How are Lee Health doctors and nurses handling spike in COVID patients?

Reporter: Andrea Guerrero Writer: Drew Hill
Published: Updated:
Credit: WINK News

Doctors and nurses help save lives every day, but since the outbreak of the coronavirus pandemic, there has been an even greater emphasis on saving lives from a disease that has taken so many.

Around Memorial Day, there were about 100 patients at Lee Health with coronavirus.

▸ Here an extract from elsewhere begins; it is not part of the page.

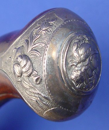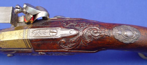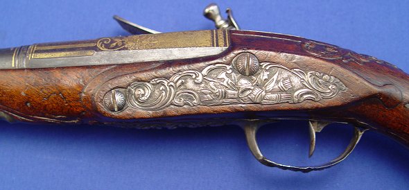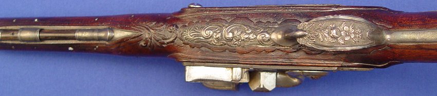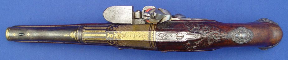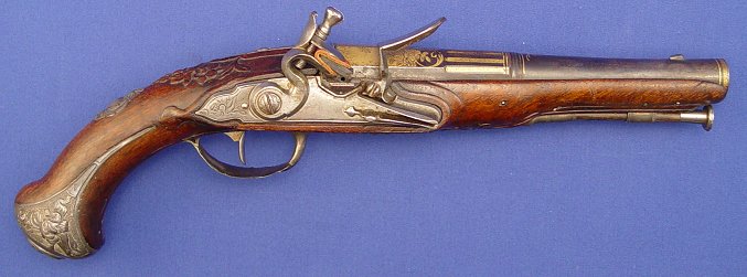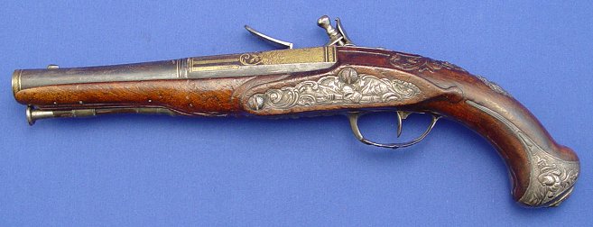 18TH? CENTURY FLINTLOCK PISTOL WITH EMBOSSED MASQUERON BUTT CAP: Tooled silver embellishments with touch marks, gilded barrel, probably Spanish, total length 13 1/4'', barrel, 7 1/4'', repair to wood over right side trigger guard. Sold as is.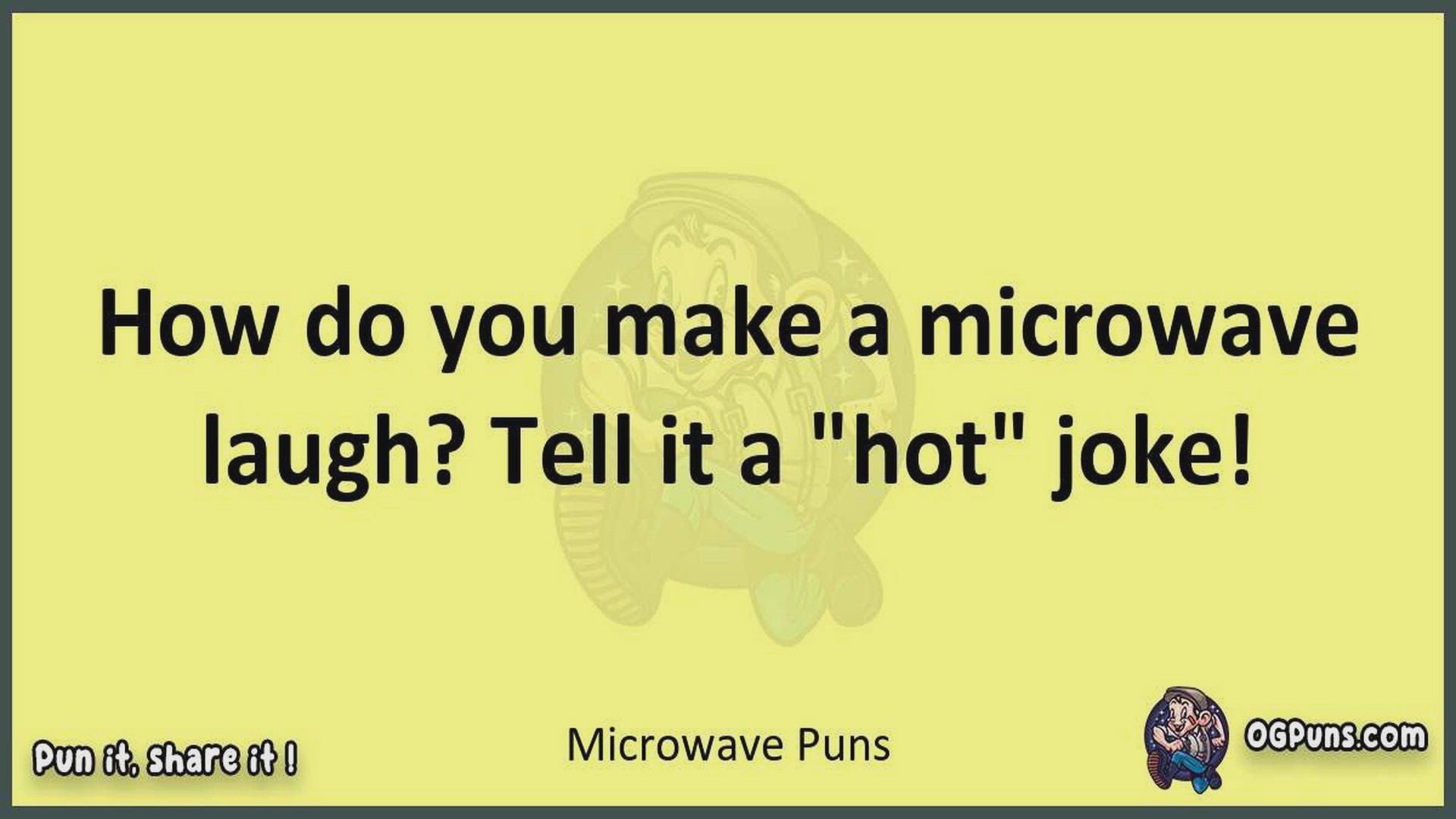 Delve into the delightful world of Microwave Puns ! Here, you'll find an entertaining mix of jokes, puns, quips, and wordplay. Each piece is crafted to offer a quick escape into humor, perfect for a light-hearted moment in any day. Whether you're seeking a chuckle or a clever twist on familiar themes, this collection promises to deliver smiles and laughter. Embrace the lighter side of life with humor that's both witty and refreshing."

Now they are treating 285. Doctors say they may not be able to sustain this uptick.

“We’re seeing about 400 a day, new cases in Lee County and if we end up admitting a third of those patients every day, you can see where the hospitals will become overwhelmed,” said Doctor Larry Hobbs, president of SWFL Emergency Medical Physicians.

Lee Health isn’t the only place where health professionals are worried.

Nurse Gary Mousseau at Fawcett Memorial Hospital in Port Charlotte said, “One nurse per six patients and that should be three or four patients.”

The age of those patients, as we’ve been seeing, has been getting younger. “Now the majority, if not the half, of our patients are of that age group,” Mousseau said.

Health professionals are genuinely concerned about the increase in cases and consequently, their ability to provide care to such a large number of patients.

“If we don’t do anything to prevent this disease by those particular factors, we will see an overwhelmed healthcare system and that’s going to occur all over the United States,” said Hobbs.

Here in SWFL, Lee Health President Larry Antonucci echoes this, saying, “Lee Health hospitals will be completely full by the end of the month.”

But Hobbs does have one request for the community in an attempt to save lives: “Please wear a mask. Certain people are going to lose their lives unnecessarily, so wear a mask.”